Data excerpts =
=-=-=-=-=

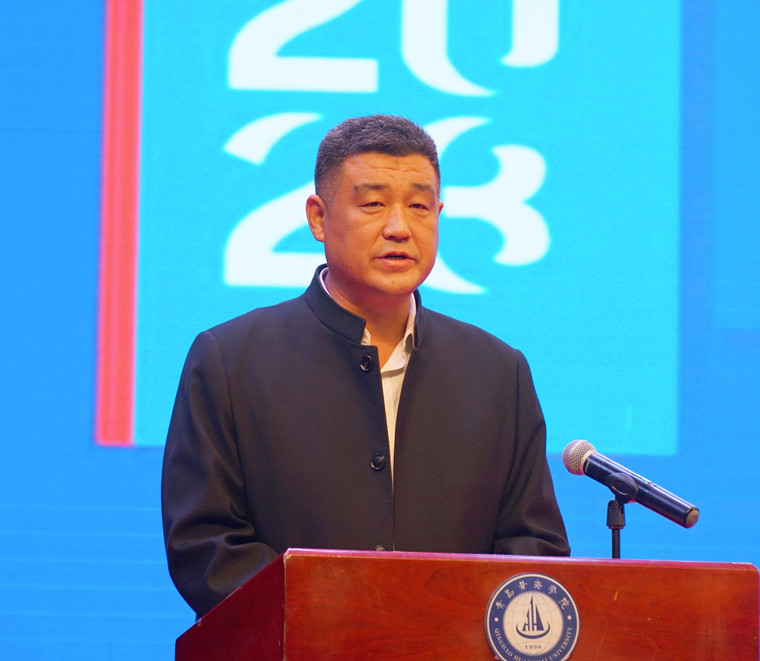 教师代表智能制造学院牛海春老师发言,她代表全体教职工庄严承诺:在今后的工作中坚守立德树人理想信念,贯彻落实科教兴国战略,深化教学改革,传授文化知识,营造创新环境,培育社会英才。
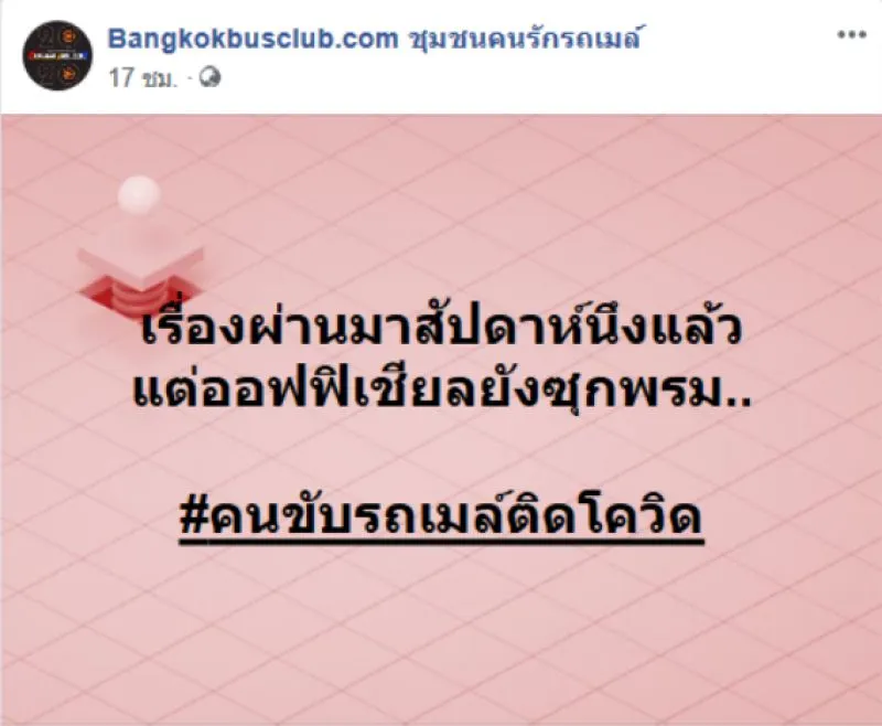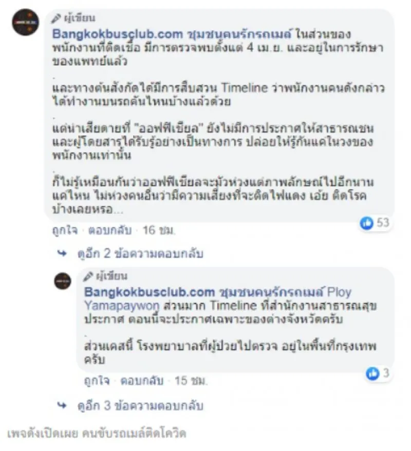 จากสถานการณ์ที่เกิดขึ้นในปัจจุบัน โดยทางรัฐออกมาตราการช่วยเหลือ ขอให้ความร่วมมือต่างๆนาๆ จนพบผู้ติดน้องลงอย่างเห็นได้ชัด แต่ก็ต้องระวังตัวเองอยู่ดีในการใช้ชีวิตในสังคมร่วมกันคนอื่น ล่าสุดทางเพจเฟซบุ๊กชื่อ Bangkokbusclub.com ชุมชนคนรักรถเมล์ ได้โพสต์ข้อความโดยได้ระบุข้อความว่า เรื่องผ่านมาสัปดาห์นึงแล้ว แต่ออฟฟิเชียลยังซุกพรม คนขับรถเมล์ติดcovid19 จากนั้น ได้ระบุข้อความเพิ่มเติมว่า ในส่วนของพนักงานที่ติด มีการตรวจพบตั้งแต่ 4 เมษายน และอยู่ในการรักษาของแพทย์แล้ว และทางต้นสังกัดได้มีการสืบสวน Timeline ว่าพนักงานคนดังกล่าว ได้ทำงานบนรถคันไหนบ้างแล้วด้วย
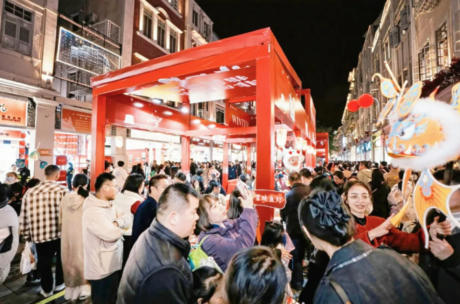 同步开启的“中山路迎新市集” “邂逅南洋·共拾新光”打卡体验活动 为市民游客打造 集逛、吃、玩、购、摄、演、学于一体的 南洋风情消费场景 老街嗨购,中山路为迎接厦门新年消费热潮再添一把火。元旦假期,中山路商圈开启“跨年不打烊”活动,推出年终折扣特惠、票根联动兑换等优惠活动。市售时间的延长进一步释放消费潜力,票根联动将“吃住行游购娱”全链条消费串联,激活商圈循环消费。 街区内市场,一派热气腾腾。从百年老字号到时尚新品牌,多元业态全面发力。餐饮、零售、住宿市场火热。黄则和花生汤、叶氏麻糍等老字号全天火爆;中山路周边酒店民宿大多客满,不少游客选择“夜间逛吃+住宿停留”的深度体验模式,文旅融合消费场景持续升温。
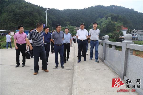 在六都寨水库大坝,王昌义实地了解水库除险加固、水库蓄水、抢险物资准备等情况。县委副书记、县长刘军作隆回县防汛工作汇报。
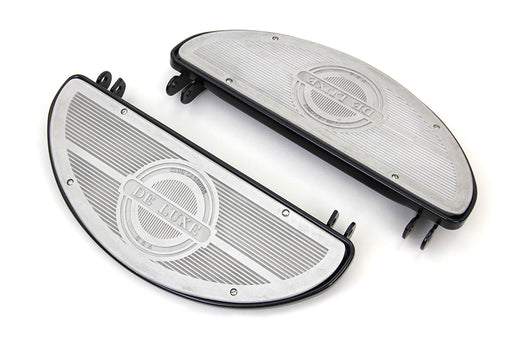 V-TWIN MANUFACTURINGOut of stockReplica footboard set with riveted rubber pad with logo will fit stock mounting brackets. Features a rolled edge rivets as original and gloss blac...
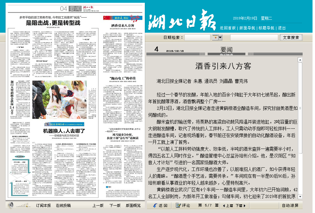 黃鶴樓酒業(yè)武漢廠區(qū)有4個(gè)車間——釀造車間里,大年初六已開始潤糧,42名工人全部到崗,為新年開工做準(zhǔn)備;勾儲(chǔ)車間,初七迎來了2019年的首批原酒;罐裝、包裝車間,生產(chǎn)線全開,初七當(dāng)天就有8000多箱酒下線,運(yùn)往全國各地。“春節(jié)前我們進(jìn)行了產(chǎn)品布局和優(yōu)化,2019年全部采用新技術(shù)。”生產(chǎn)管理中心總監(jiān)陳彥龍介紹,瓶蓋的電鍍工藝污染大,現(xiàn)在改為絲印、噴涂,乳玻瓶成本高、生產(chǎn)過程不環(huán)保,現(xiàn)在換成透明玻璃瓶,不僅環(huán)??苫厥?,一年還可節(jié)約成本至少300萬元。此外,過完正月十五,公司利用2萬平方米的廠房屋頂打造的光伏發(fā)電項(xiàng)目改造工程,也將正式動(dòng)工。
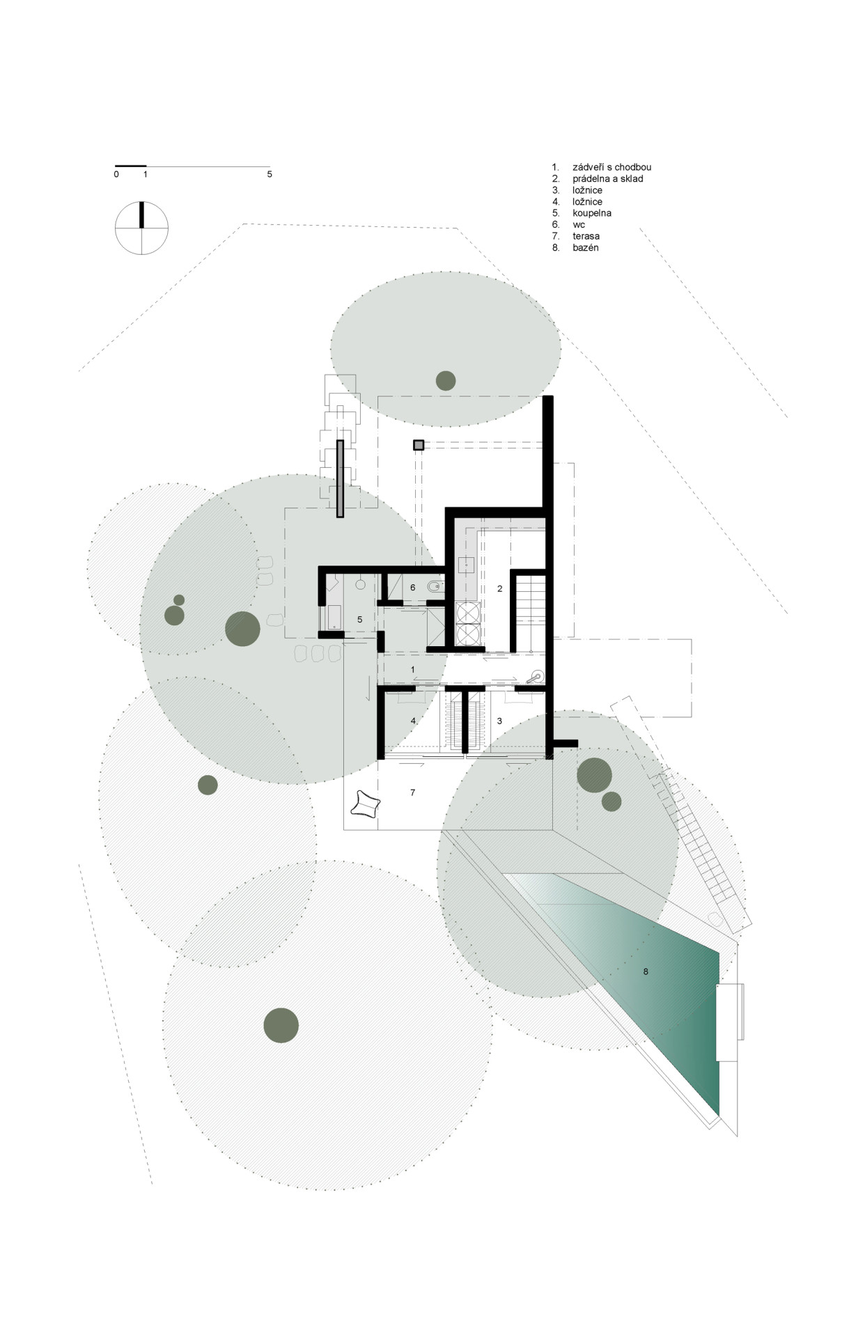 - Užitná plocha: 100 m² dům, 96 m² terasy, 21m² bazén
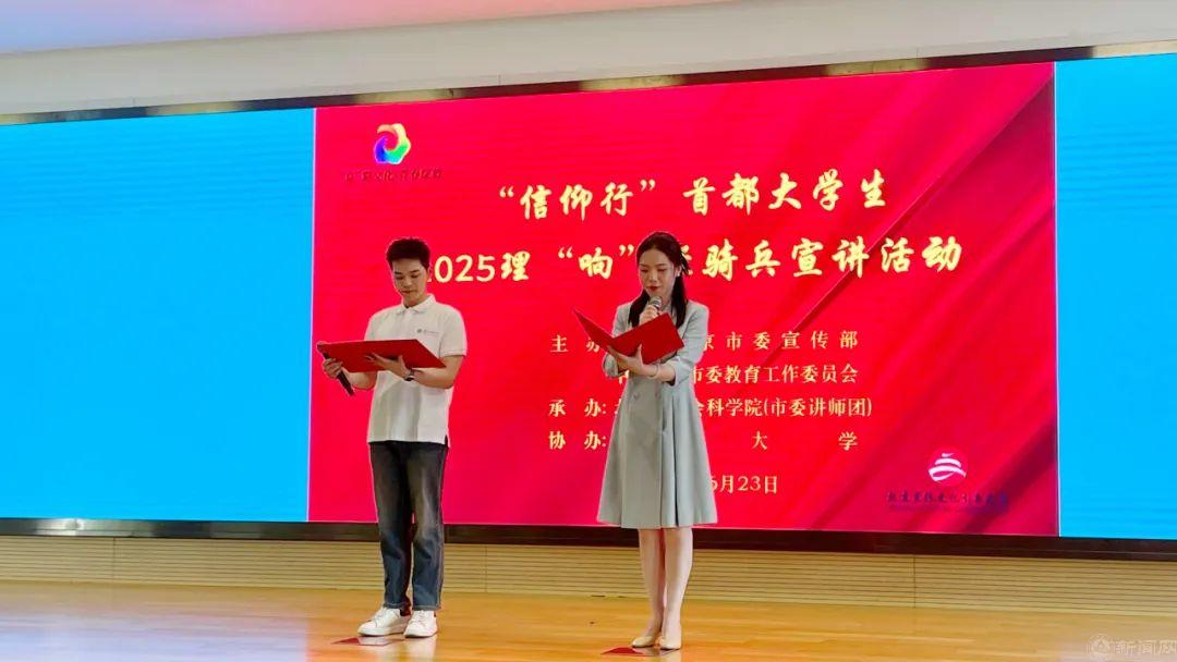 “‘京’彩文化 青春绽放”“信仰行”首都大学生理“响”轻骑兵系列宣讲活动由中共北京市委宣传部、北京市委教育工委主办,旨在为首都高校青年学子学理论、用理论、展示自我、成长成才搭建平台,引领大学生对党的创新理论创新阐释、创新表达、创新传播。此次活动得到新华网、《经济日报》等多家媒体关注。

=-=-=-=-=

Retype the data above in full, exactly as it stands, and skip any image.

 教师代表智能制造学院牛海春老师发言,她代表全体教职工庄严承诺:在今后的工作中坚守立德树人理想信念,贯彻落实科教兴国战略,深化教学改革,传授文化知识,营造创新环境,培育社会英才。
 จากสถานการณ์ที่เกิดขึ้นในปัจจุบัน โดยทางรัฐออกมาตราการช่วยเหลือ ขอให้ความร่วมมือต่างๆนาๆ จนพบผู้ติดน้องลงอย่างเห็นได้ชัด แต่ก็ต้องระวังตัวเองอยู่ดีในการใช้ชีวิตในสังคมร่วมกันคนอื่น ล่าสุดทางเพจเฟซบุ๊กชื่อ Bangkokbusclub.com ชุมชนคนรักรถเมล์ ได้โพสต์ข้อความโดยได้ระบุข้อความว่า เรื่องผ่านมาสัปดาห์นึงแล้ว แต่ออฟฟิเชียลยังซุกพรม คนขับรถเมล์ติดcovid19 จากนั้น ได้ระบุข้อความเพิ่มเติมว่า ในส่วนของพนักงานที่ติด มีการตรวจพบตั้งแต่ 4 เมษายน และอยู่ในการรักษาของแพทย์แล้ว และทางต้นสังกัดได้มีการสืบสวน Timeline ว่าพนักงานคนดังกล่าว ได้ทำงานบนรถคันไหนบ้างแล้วด้วย
 同步开启的“中山路迎新市集” “邂逅南洋·共拾新光”打卡体验活动 为市民游客打造 集逛、吃、玩、购、摄、演、学于一体的 南洋风情消费场景 老街嗨购,中山路为迎接厦门新年消费热潮再添一把火。元旦假期,中山路商圈开启“跨年不打烊”活动,推出年终折扣特惠、票根联动兑换等优惠活动。市售时间的延长进一步释放消费潜力,票根联动将“吃住行游购娱”全链条消费串联,激活商圈循环消费。 街区内市场,一派热气腾腾。从百年老字号到时尚新品牌,多元业态全面发力。餐饮、零售、住宿市场火热。黄则和花生汤、叶氏麻糍等老字号全天火爆;中山路周边酒店民宿大多客满,不少游客选择“夜间逛吃+住宿停留”的深度体验模式,文旅融合消费场景持续升温。
 在六都寨水库大坝,王昌义实地了解水库除险加固、水库蓄水、抢险物资准备等情况。县委副书记、县长刘军作隆回县防汛工作汇报。
 V-TWIN MANUFACTURINGOut of stockReplica footboard set with riveted rubber pad with logo will fit stock mounting brackets. Features a rolled edge rivets as original and gloss blac...
 黃鶴樓酒業(yè)武漢廠區(qū)有4個(gè)車間——釀造車間里,大年初六已開始潤糧,42名工人全部到崗,為新年開工做準(zhǔn)備;勾儲(chǔ)車間,初七迎來了2019年的首批原酒;罐裝、包裝車間,生產(chǎn)線全開,初七當(dāng)天就有8000多箱酒下線,運(yùn)往全國各地。“春節(jié)前我們進(jìn)行了產(chǎn)品布局和優(yōu)化,2019年全部采用新技術(shù)。”生產(chǎn)管理中心總監(jiān)陳彥龍介紹,瓶蓋的電鍍工藝污染大,現(xiàn)在改為絲印、噴涂,乳玻瓶成本高、生產(chǎn)過程不環(huán)保,現(xiàn)在換成透明玻璃瓶,不僅環(huán)??苫厥?,一年還可節(jié)約成本至少300萬元。此外,過完正月十五,公司利用2萬平方米的廠房屋頂打造的光伏發(fā)電項(xiàng)目改造工程,也將正式動(dòng)工。
 - Užitná plocha: 100 m² dům, 96 m² terasy, 21m² bazén
 “‘京’彩文化 青春绽放”“信仰行”首都大学生理“响”轻骑兵系列宣讲活动由中共北京市委宣传部、北京市委教育工委主办,旨在为首都高校青年学子学理论、用理论、展示自我、成长成才搭建平台,引领大学生对党的创新理论创新阐释、创新表达、创新传播。此次活动得到新华网、《经济日报》等多家媒体关注。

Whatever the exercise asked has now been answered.